-- Available records follows --
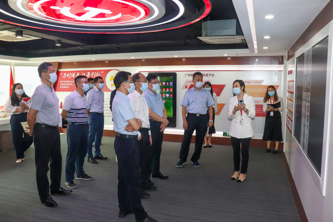 属下广府通公司建设运营的广州国企党建服务中心调研,听取广州国企党建全网运营特色体系成果汇报。市国资委党委副书记、副主任覃海宁,党委办公室和企业党建处有关人员陪同;户外露出
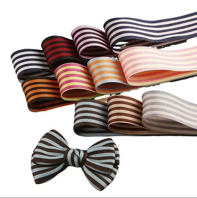 Wholesale Double Face Polyester Cotton Blend Striped Ribbon For Diy Hair Bows Gift Wrap Cake Packing Decoration
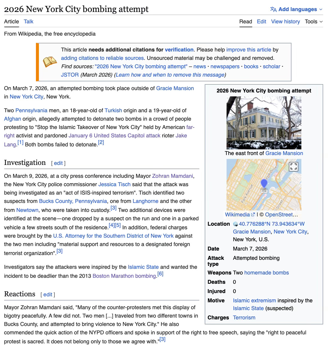 If you check the Wikipedia article for this story, Jacob Lang — who, whatever you think about the man, was a victim here — is mentioned by name. But the two attackers are not. There are no details about the bombs. No mention of Mamdani’s speech or the egregious media missteps. The article says the attackers “allegedly” tried to detonate bombs and refers to them as “suspects.” But again, we have them on film carrying out the attack. We know their names. We know they did it. Wikipedia’s leftist bias has been obvious, and studied, for some time now, but it’s been getting worse as of late. It used to be that for incidents like this, Wikipedia was a rich mine of data, often more comprehensive than any news article. But now that woke editors have largely taken over, it is often barely worth glancing at anymore.
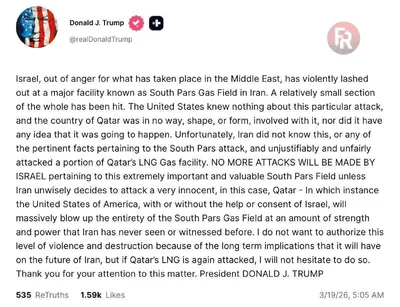 Трамп пригрозил Ирану уничтожением газового месторождения «Южный Парс», если атаки на Катар продолжатся Президент США заявил, что он ничего не знал про вчерашние удары Израиля по «Южному Парсу» в Ира
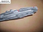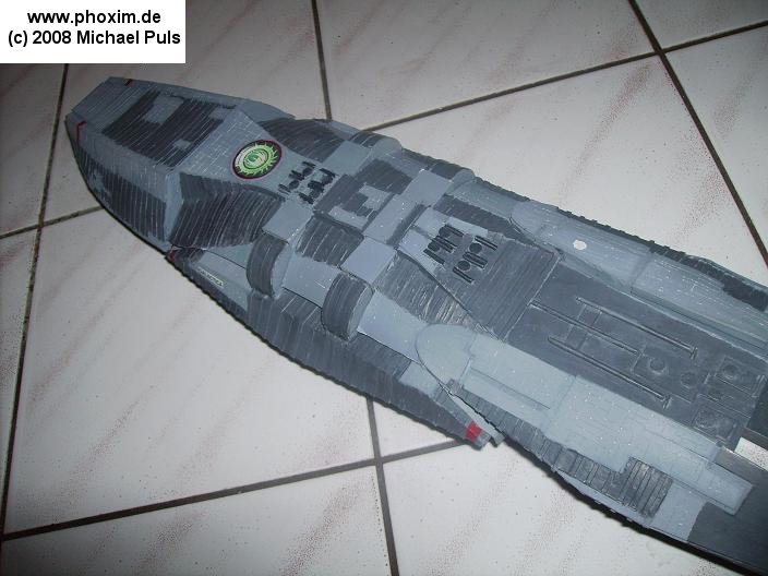 oder: ein erfolgreicher Fehlschlag. Ich bezeichne dieses Modell als einen Fehlschlag, da mir einige Fehler unterlaufen sind. Aber zugleich auch als Erfolg, da ich schon an einem Folgemodell arbeite bei dem ich die Fehler ausgemerzt habe. Man könnte dies also als Prototyp bezeichnen. Das Modell der Galactica besteht komplett aus Pappe und da war schon mein erster Fehler. ich hatte zwei streifen Pappe übereinandergeklebt, zurechtgeschnitten und habe sie als Basis verwendet um alles weitere darauf zu bauen. Leider verzog sich der Pappstreifen. |
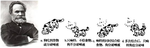 ? 巴普洛夫(1849—1936),俄國著名生理學(xué)家,高級神經(jīng)活動研究的奠基人之一。右側(cè)是他的經(jīng)典條件反射示意圖。?
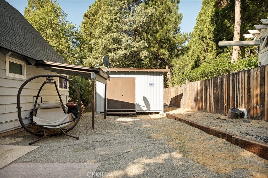 Adorable cabin perched atop a spacious corner lot. Cute and clean, walk in to rustic vaulted ceilings and natural light in the living room. Main level has two bedrooms/bathroom and upstairs is a generous sized 3rd bedroom/loft area. Seller has updated kitchen with quartz countertop and backsplash, as well as dual paned windows, a tankless water heater and a water shut off valve. There is plenty of parking in front as well as a fenced yard, potential for FLAT RV parking, and a storage shed and washer/dryer inside. From the front porch take in the trees and peekaboo view of the valley below. Come spring time, lilacs and daffodils abound. Located in a great location for either your part time getaway or a full time move to the mountains. Coming furnished per sellers inventory list.
-- Available records concluded --
Exercise description
Within the listing above, extract exactly the lines that run from the one containing "Wholesale Double Face" through the one containing "If you check", excluding any pictures.

Your response
 Wholesale Double Face Polyester Cotton Blend Striped Ribbon For Diy Hair Bows Gift Wrap Cake Packing Decoration
 If you check the Wikipedia article for this story, Jacob Lang — who, whatever you think about the man, was a victim here — is mentioned by name. But the two attackers are not. There are no details about the bombs. No mention of Mamdani’s speech or the egregious media missteps. The article says the attackers “allegedly” tried to detonate bombs and refers to them as “suspects.” But again, we have them on film carrying out the attack. We know their names. We know they did it. Wikipedia’s leftist bias has been obvious, and studied, for some time now, but it’s been getting worse as of late. It used to be that for incidents like this, Wikipedia was a rich mine of data, often more comprehensive than any news article. But now that woke editors have largely taken over, it is often barely worth glancing at anymore.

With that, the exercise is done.